Спасибо, я сам все приготовлю.

Рис можно с котлеткой, — продолжала Лидия Михайловна. — Там в морозильнике котлетки есть.

Да говорю же, я все сделаю.

Или суп с горбушей? Консервы посмотри в правом отделении буфета.

Снова сжимались кулаки.

Или рис хочешь?

В этот момент, даже если дело касалось не обеда, а полива грядок или похода в магазин, Юра четко осознавал, что его раздражало в общении с бабушкой. Лидия Михайловна не слушала того, что ей говорят, хотя по возрасту и состоянию здоровья должна была слушать. Просто из соображений здравого смысла. Для собственного покоя и самосохранения. Для удобства, в конце-то концов. А она не слушала! И переспрашивала, переспрашивала, задавала вопрос за вопросом, поучала, поучала, поучала… Оба знали, что готовить будет Юра и можно отказаться от надоевшего ритуала, но отказа не следовало, потому что это был не просто совет, а остаток постаревшей власти, которой Лидия Михайловна когда-то обладала над своими детьми и внуком.

Понял, где горошек? Там, в правом отделении буфета… или в левом? Я не помню. В общем, сам разберешься. Не маленький.

Стоило большого труда удержаться и не нагрубить.

Ну че ты злишься? — в противном случае спрашивала старушка, и было невозможно не простить ее, видя искривившиеся в обиде губы. Да и «че», так не шедшее к ее интеллигентской природе, звучало живо, определенно: оно четко выражало действительную большую обиду, и Юра мгновенно остывал.

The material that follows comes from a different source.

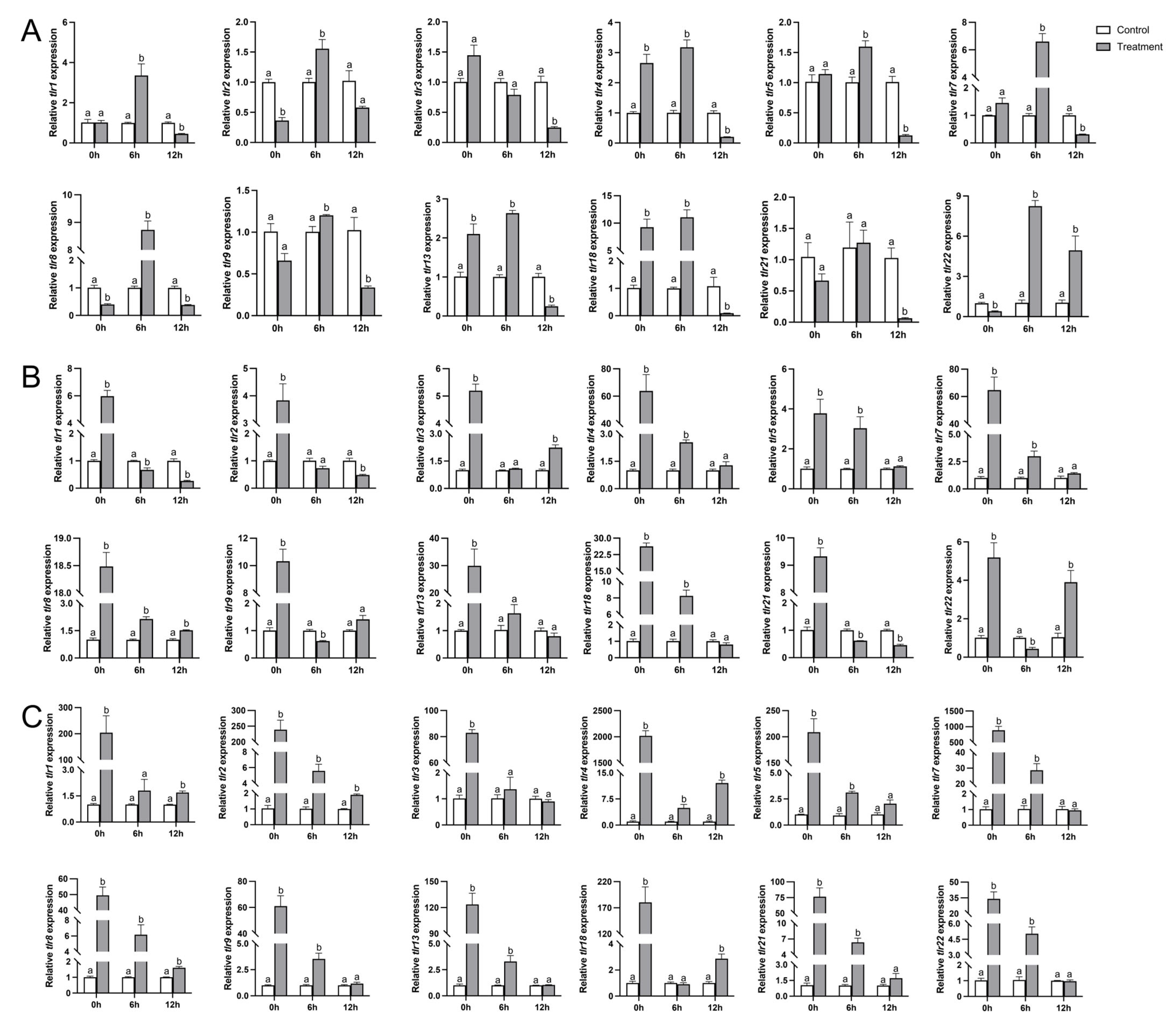 - Wang, K.; Chen, D.; Lin, S.; Li, S.; Deng, B.; Chen, W.; Zhan, H.; Deng, Z.; Li, Q.; Han, C. Molecular characterization and expression analysis of four toll-like receptors (TLR) genes: TLR2, TLR5S, TLR14 and TLR22 in Mastacembelus armatus under Aeromonas veronii infection. Dev. Comp. Immunol. 2025, 165, 105345. [Google Scholar] [CrossRef]

Прости меня, я не хотел, — извинялся он.

И ты меня прости. Совсем я из ума выжила.

К сожалению, признание ошибок не всегда приводит к работе над ними. Все повторялось снова и снова. Дни шли медленно, никак не желая приближать сентябрь, когда холода вынудят переселить бабушку с дачи. Юра желал сентября больше подсолнухов, больше листвы, больше солн-
ца — он хотел сентябрь, как хотят девушку, хотел на учебу, хотел семинаров, хотел подряд четыре лекции с гнусавым профессором, лишь бы не отвечать на одни и те же вопросы про горошек и не смотреть каждое утро в опухшее бледно-желтое лицо без глаз.

«В сущности, — рассуждал Юра, — ничего особенного не происходит. Все просто прекрасно. Человеку уже за восемьдесят, а он читает сложные романы, сносит тяготы дачной жизни, шутит. А эти вопросы, поучения, контроль… Ну подумаешь! Это же не сумасшествие. Не овоща ведь на меня повесили. Но я все равно злюсь. Я злюсь каждый день. Я злюсь на нее. Злюсь на себя. Злюсь на Васю. Сегодня я ударил кулаком по столу, хотя мог бы не бить. Но мне почему-то нужен был этот удар. Он как будто должен был выразить что-то, чего я сам не понимаю. Я люблю бабушку, я ухаживаю за ней и готов делать это до самого конца. Мне не сложно… но при этом так трудно!»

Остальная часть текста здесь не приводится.